CD68 (A) and GFAP (B) expression in the ischemic hemisphere assessed by Western. (A) CD68 protein level increases after MCAO are greater in IL-4 KO, p=0.037. n=3 sham, n=6 WT MCAO, n=7 IL-4 KO MCAO. (B) GFAP protein levels increased similarly in IL-4 KO and WT after MCAO. * P <0.05 vs sham same genotype, # P<0.05 vs WT MCAO, n=3 all groups.

Figure 5

Administration of RhIL-4 protects only in IL-4 KO mice. (A) Infarct volume in WT was unchanged with RhIL-4 (n=7) but significantly decreased in IL-4 KO-RhIL-4 (n=9) compared to IL-4KO-vehicle (p=0.0006, n=8). (B) Neurological score was unchanged in WT-RhIL-4 (p=0.28, n=4) but significantly decreased in IL-4 KO-RhIL-4 (n=9) compared to vehicle treated (n=5, p=0.01); (C) RhIL-4 did not change CD68⁺ cells in the ischemia core in WT but significantly decreased CD68⁺ cells in IL-4 KO-RhIL-4 compared to IL-4KO-vehicle (p=0.002, n=4/group). (D) IL-4 treatment did not change CD68⁺ cells in penumbra of WT (n=4) or IL-4 KO (p=0.068, n=4/each group). (E) Images of T-bet⁺ cells (Th1) or GATA-3⁺ (Th2) at 20x magnification in IC. Scale bar, 50 μm (F) Th1/Th2 ratio was greater in IL-4 KO-vehicle compared to WT-vehicle (p=0.008) or IL-4KO-RhIL-4 (p=0.008, n=4/group).
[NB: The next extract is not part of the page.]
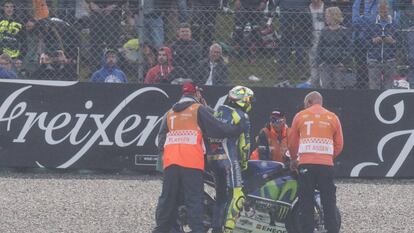 También tiene perdedores con nombre propio este gran premio. El primero, Valentino Rossi, que se fue al suelo cuando apenas acababa de iniciarse la segunda carrera. Iba en primera posición. Y vuelve a casa con un cero: “He cometido un error de principiante. Era muy rápido en esas condiciones. Quería tirar una vuelta más para ganar ventaja y controlar la situación, pero tiré demasiado”, asumió. La vuelta anterior había caído de la misma manera Dovizioso, que le seguía de cerca. El asfalto estaba mojado y este neumático delantero no advierte a los pilotos si están sobrepasando el límite. No serían los únicos que acabarían rodando por la grava. Hubo muchos más.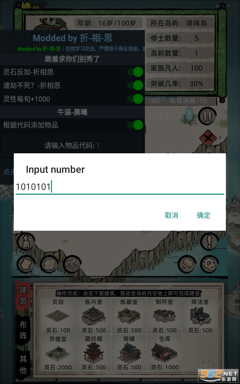6.优化建筑物拆除功能,部分建筑物拆除后会返还相应的道具,部分建筑物会返还少量灵石

Th1/Th2 ratio was unchanged in WT with/without RhIL-4 (n=4/group). (G) RhIL-4 significantly decreased T-bet⁺ cells in the core of IL-4 KO compared to IL-4KO-vehicle, p=0.029 (H) Fewer GATA3⁺ cells were in the ischemic core in IL-4 KO-vehicle compared to WT-vehicle (p=0.007, n= 4/group). * P <0.05 vs vehicle injected same genotype, # P<0.05 vs WT-vehicle.